The problem
Starting at the line below with "靈芝,亦稱仙草,《本草綱目》" and stopping at the line with "- Eventuell kommentar", please print each line exactly, those two included, and skip every picture.

Source data
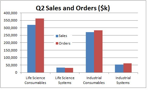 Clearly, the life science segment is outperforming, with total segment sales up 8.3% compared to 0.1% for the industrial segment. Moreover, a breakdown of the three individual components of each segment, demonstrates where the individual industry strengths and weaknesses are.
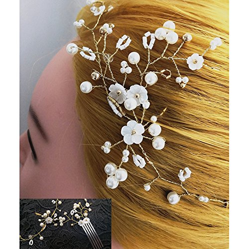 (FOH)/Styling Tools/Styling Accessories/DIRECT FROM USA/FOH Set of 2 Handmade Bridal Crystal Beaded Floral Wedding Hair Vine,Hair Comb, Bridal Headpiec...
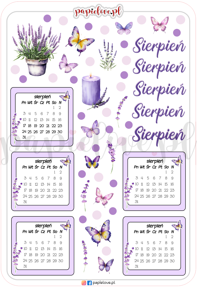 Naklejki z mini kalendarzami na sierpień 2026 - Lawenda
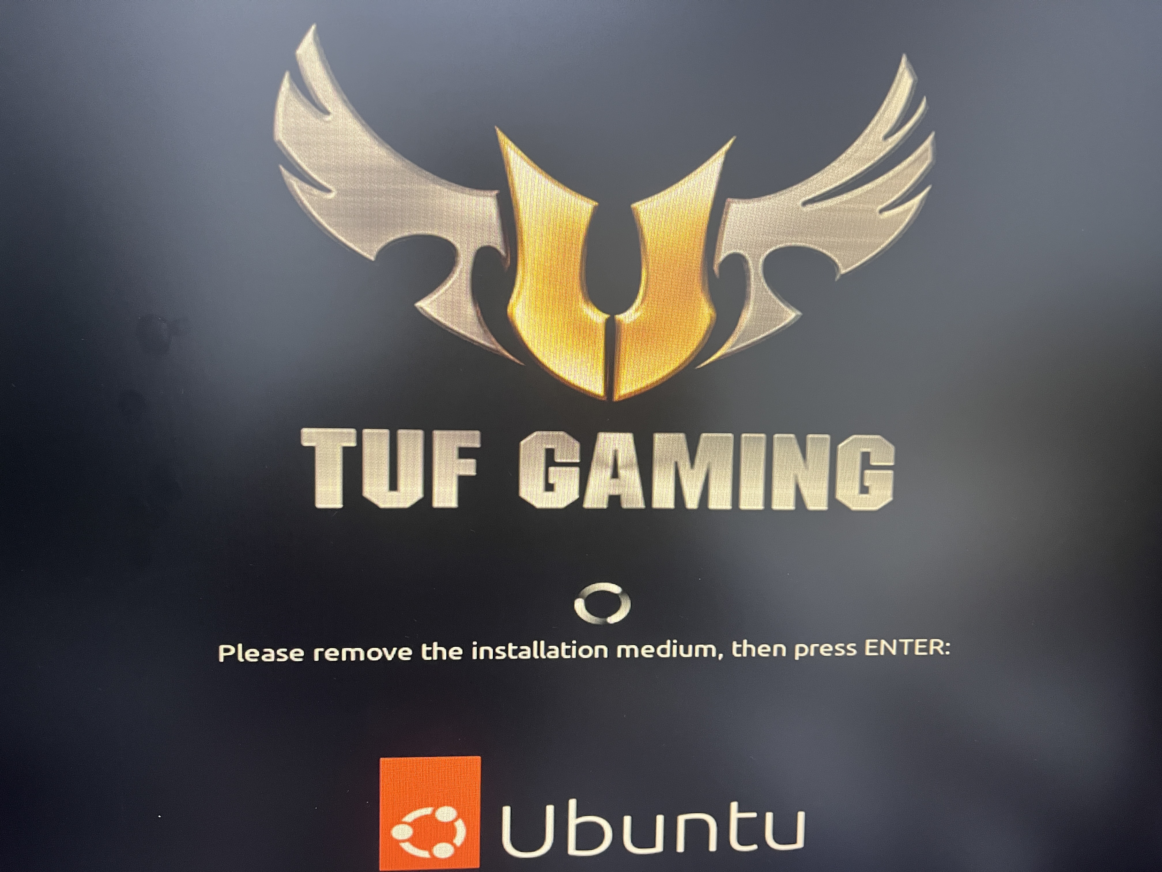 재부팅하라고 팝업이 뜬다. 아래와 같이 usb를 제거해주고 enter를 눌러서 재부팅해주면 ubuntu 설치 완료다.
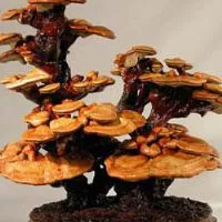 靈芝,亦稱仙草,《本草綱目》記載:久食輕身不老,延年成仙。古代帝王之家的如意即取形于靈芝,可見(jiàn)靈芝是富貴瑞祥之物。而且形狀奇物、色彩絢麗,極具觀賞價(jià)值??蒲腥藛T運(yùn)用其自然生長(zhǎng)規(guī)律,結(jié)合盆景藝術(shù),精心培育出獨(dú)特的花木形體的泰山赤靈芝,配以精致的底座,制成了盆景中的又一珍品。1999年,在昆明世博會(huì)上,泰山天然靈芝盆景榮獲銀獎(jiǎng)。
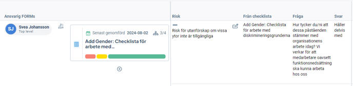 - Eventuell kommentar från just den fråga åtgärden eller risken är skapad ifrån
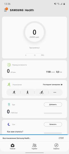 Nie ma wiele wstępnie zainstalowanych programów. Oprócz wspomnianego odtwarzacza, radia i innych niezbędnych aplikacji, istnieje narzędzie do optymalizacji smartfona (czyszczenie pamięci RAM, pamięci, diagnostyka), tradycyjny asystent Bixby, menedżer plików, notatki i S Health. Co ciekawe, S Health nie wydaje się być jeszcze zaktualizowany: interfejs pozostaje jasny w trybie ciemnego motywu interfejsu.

Task solution
 靈芝,亦稱仙草,《本草綱目》記載:久食輕身不老,延年成仙。古代帝王之家的如意即取形于靈芝,可見(jiàn)靈芝是富貴瑞祥之物。而且形狀奇物、色彩絢麗,極具觀賞價(jià)值??蒲腥藛T運(yùn)用其自然生長(zhǎng)規(guī)律,結(jié)合盆景藝術(shù),精心培育出獨(dú)特的花木形體的泰山赤靈芝,配以精致的底座,制成了盆景中的又一珍品。1999年,在昆明世博會(huì)上,泰山天然靈芝盆景榮獲銀獎(jiǎng)。
 - Eventuell kommentar från just den fråga åtgärden eller risken är skapad ifrån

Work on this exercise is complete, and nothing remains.